Que signifie « Le jardin en mouvement » ?
C’est la prise en compte des dynamiques naturelles du monde vivant. Parmi ces comportements, il y a des déplacements physiques sur le terrain ; surtout les plantes à cycle court qui se disséminent par le vent et les animaux. Il y a des tas d’animaux qui transportent énormément : les petits rongeurs, les fourmis… Les plantes vont réapparaître dans des endroits différents. Même les arbres, les noix, les châtaignes par exemple sont emportées par les écureuils, les geais…
Le jardinier du jardin en mouvement prend en compte ces déplacements, sans s’y opposer… Enfin, on ne peut pas vraiment laisser pousser tout le temps, il faut faire un choix, notamment pour les arbres : c’est là que l’humain intervient.

Le jardin du Musée du Quai Branly dessiné par Gilles Clément. (©Jean-Pierre Dalbéra)
Un jardin idéal ?
Pour vous quel serait le jardin idéal ? Existe-t-il déjà quelque part en France ?
J’ai participé à plusieurs jardins, difficiles de dire si l’un d’eux est le jardin idéal. Il y en a bien un dans le Midi : c’est le Domaine du Rayol, un jardin public où là, effectivement il y a une très bonne équipe de jardiniers.
Tout dépend du jardinier qui laisse venir la diversité : parfois, ce n’est pas très beau et parfois, c’est génial ! Même si ce n’est plus tout à fait aligné…
Et vous êtes-vous aussi investi en Bretagne ?
De façon tellement minuscule… mais, cependant, je suis intervenu dans la remise en scène du Jardin Georges Delaselle sur l’île de Batz au moment de son rachat par le conservatoire du littoral. Il a survécu et est très bien géré grâce à une association.
L’économie de la non-dépense
La permaculture est à la mode.

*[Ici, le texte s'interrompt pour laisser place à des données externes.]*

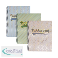Pukka Pad Pastel Jotta Pad A5 Assorted (Pack of 3) 2011-PST. 200 pages. 80gsm paper. Ruled with margin. Holographic sticker on first batch. Cover: 400gsm card in 3 assorted colours (Pink, Green and Blue).

Quelle définition en donneriez-vous et qu’en pensez-vous ?
C’est l’économie de la non-dépense : l’utilisation de la décomposition de la matière organique en matière minérale rendue soluble par la pluie et utilisable au fur et à mesure de la demande des plantes. C’est tout à fait l’opposition à l’engrais soluble, toujours en surdose ; le surplus perdu allant polluer la nature. La permaculture est une manière intelligente de nourrir les plantes. Le paillage est aussi très important.
Trouvez-vous logique que l’on essaie à tout prix de faire pousser des plantes qui ne sont pas adaptées au terrain et au climat ?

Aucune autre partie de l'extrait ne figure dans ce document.